Task for the records below: copy exactly, and only, the line containing "عند الكوفيين في" and every line after it to the end, with pictures left out.

(Dataset entries)
- Opening Delimiter -

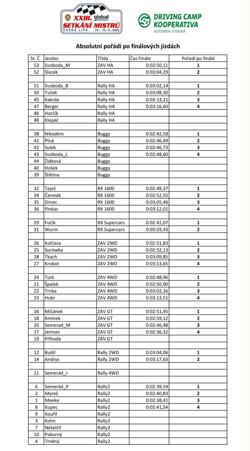 Fanoušci motorismu, soutěžní jezdci z rally, rallycrossu, autokrosu, okruhových závodů i závodů do vrchu se v sobotu 15. listopadu společně rozloučili s uplynulou sezonou na tradičním Global Assistance Setkání mistrů 2025. Autodrom Driving Camp Kooperativa v Sosnové u České Lípy se stal dějištěm jedinečné show, která nabídla nejen souboje mistrů volantu, ale i přátelskou atmosféru, příjemné podzimní počasí bez deště a radost ze setkávání i z rychlosti.
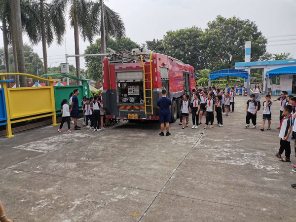 學(xué)生觀看消防車,了解消防知識(shí)
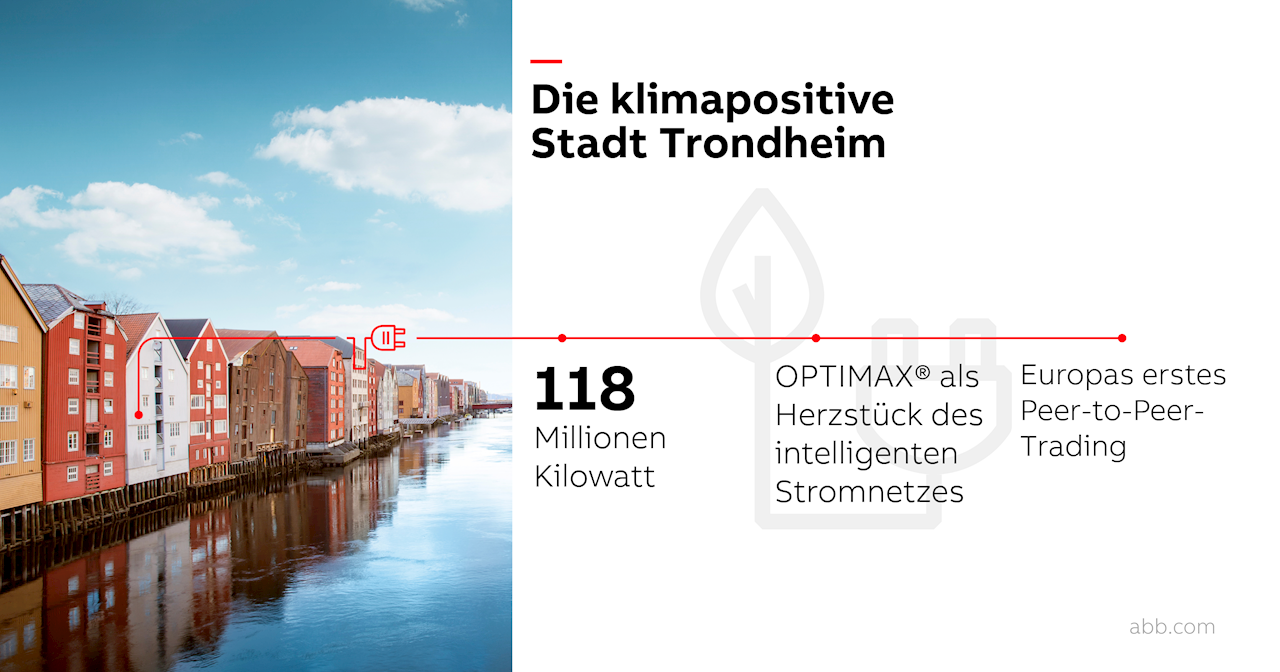 Mehr grüne Energie produzieren als verbrauchen, geht das? Die norwegische Universitätsstadt Trondheim will genau das in ausgewählten Stadtquartieren beweisen. Technologiepartner für das klimapositive Smart Grid der Zukunft ist ABB mit seiner intelligenten Energiemanagement- und -optimierungslösung ABB Ability™ OPTIMAX®.
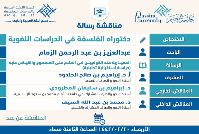 مناقشة الدكتوراه: "المعيارية عند الكوفيين في الحكم على المسموع" بجامعة القصيم
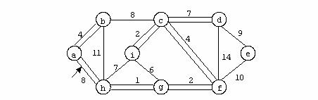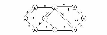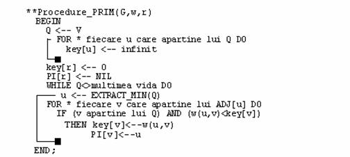 Se considera intai cazul in care se intretine o coada de prioritati Q=VS implementata ca un masiv. Pentru o astfel de implementare, fiecare operatie EXTRACT-MIN consuma un timp O(|V|) si existand cardinal de V de astfel operatii rezulta ca timpul total pentru executia lui EXTRACT-MIN este de ordinul O(|V|2). Fiecare nod vIV este inserat in multimea S exact o data, astfel incat fiecare muchie din lista de adiacenta ADJ(v) este examinata in bucla FOR exact o data, in timpul algoritmului. Deoarece numarul total de muchii din toate listele de adiacenta este egal cu |E| rezulta ca numarul total de iteratii este |E| pentru bucla FOR (fiecare iteratie consumand un timp O(1)).

- Closing Delimiter -

-- Task result --
 مناقشة الدكتوراه: "المعيارية عند الكوفيين في الحكم على المسموع" بجامعة القصيم
 Se considera intai cazul in care se intretine o coada de prioritati Q=VS implementata ca un masiv. Pentru o astfel de implementare, fiecare operatie EXTRACT-MIN consuma un timp O(|V|) si existand cardinal de V de astfel operatii rezulta ca timpul total pentru executia lui EXTRACT-MIN este de ordinul O(|V|2). Fiecare nod vIV este inserat in multimea S exact o data, astfel incat fiecare muchie din lista de adiacenta ADJ(v) este examinata in bucla FOR exact o data, in timpul algoritmului. Deoarece numarul total de muchii din toate listele de adiacenta este egal cu |E| rezulta ca numarul total de iteratii este |E| pentru bucla FOR (fiecare iteratie consumand un timp O(1)).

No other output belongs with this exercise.